A escolha das crónicas será selectiva e ela recairá naquelas que o Autor considerará mais representativas da sua visão do tempo em que as escreveu. Facto é que lidas hoje, mantêm uma viçosidade, que torna a sua leitura pertinente.

Em ambas as obras os prefácios são de João Miguel Tavares, também um portalegrense na diáspora, acompanhados de um curto texto em forma de prefácio, no primeiro volume da autoria de Nuno Oliveira e no segundo por Luís Loures, os Presidentes do Instituto Politécnico de Portalegre em exercício, respectivamente em 2007 e no presente.

Mais do que palavras de circunstância, os Presidentes do IPP deixaram um testemunho vivo de amizade e consideração para com o Autor.

Nuno Oliveira realça a qualidade e a competência do Escritor, cujos trabalhos merecem ser conhecidos de todos os que amam Portalegre, e afirma que o Autor é amante da sua Cidade e desde sempre assumido defensor das causas de Portalegre, enquanto cidadão atento e informado, professor e homem de cultura.

Luís Loures salienta a capacidade de análise do Autor, o seu sentido crítico, acutilante e construtivo, a sua enorme energia. Considera-o um atleta de fundo, cheio de projectos de cidadania, sendo um exemplo inspirador de vida para todos em geral, e para a comunidade de Portalegre em particular.

João Miguel Tavares, no primeiro volume, considera que aquele livro não é apenas uma colectânea de textos dispersos por quarenta e cinco anos de escrita, é o testemunho comovente do amor por Portalegre e a prova de uma perseverança notável, em busca de um cosmopolitismo sofisticado para uma pequena cidade de um pequeno país. É um olhar exigente sobre a cidade, sobre as suas gentes e, a espaços, sobre o próprio país.

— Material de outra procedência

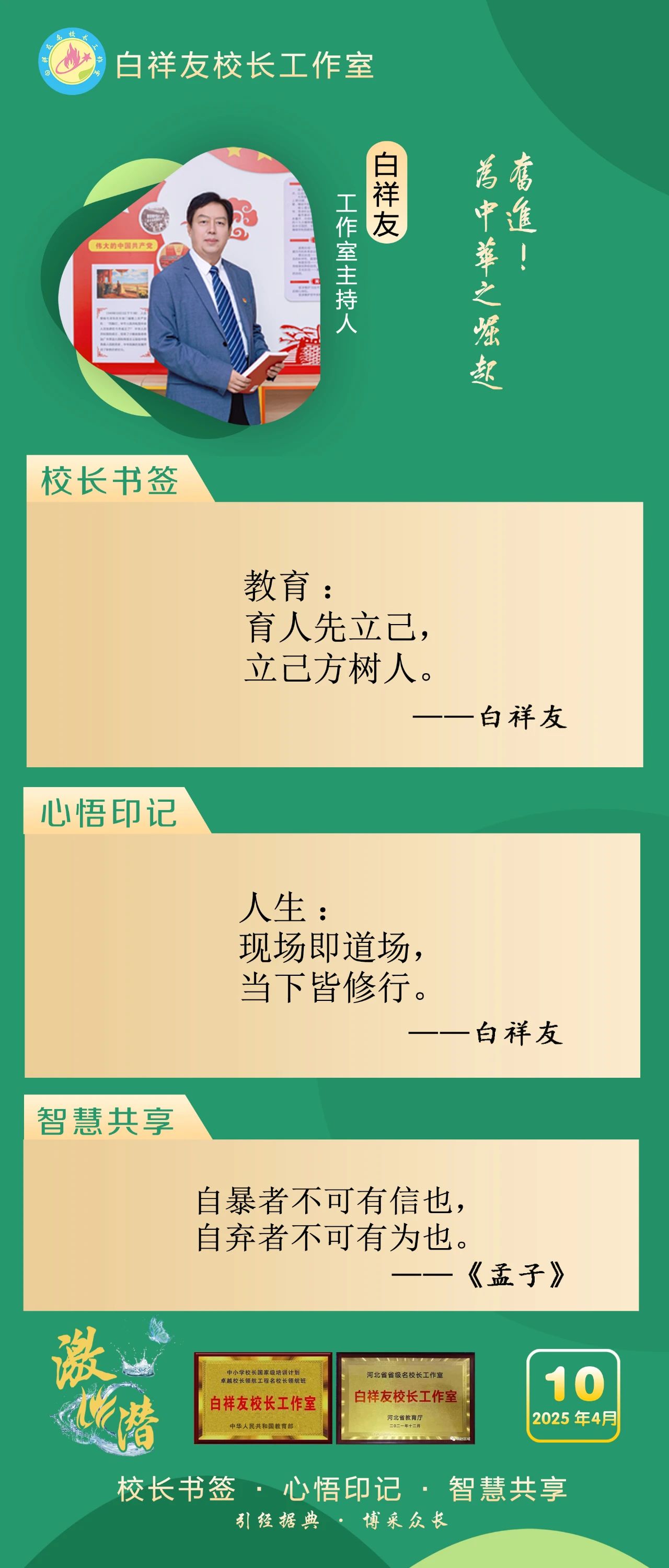 “白祥友校長工作室”成立于2019年4月,是教育部“國培計劃”中小學名校長領航工程、河北省首批名校長工作室,目前省內外成員校56個。工作室堅持“資源共享、智慧共融、互助共贏”理念,已成為思想碰撞的交流場,資源共享的品牌站,成果展示的輻射源。

Agora, neste segundo volume de «Crónicas Lagóias», enuncia algumas características muito particulares do Autor, que compõem a singularidade da sua forma de ser e de estar. Em primeiro lugar, uma curiosidade insaciável, que o leva a investigar e a reflectir sobre uma quantidade de temas. Em segundo, uma memória prodigiosa, que conjugada com a sua vastíssima rede de relações lhe permite escrever, com conhecimento de causa, sobre imensa gente. Em terceiro, uma capacidade crítica inquebrantável, de que nunca abdica, porque a facilidade com que faz amizades não significa ausência de exigência ou de espírito crítico. E termina apresentando, quiçá, a mais importante de todas, a sua energia aparentemente inesgotável e o impulso de deixar minuciosamente registadas as suas experiências de vida e os seus encontros pessoais.

A escrita de Autor é um português perfeito, exemplar, o que faz com que a leitura seja atraente, a par de uma riqueza de conteúdos que cativam o leitor.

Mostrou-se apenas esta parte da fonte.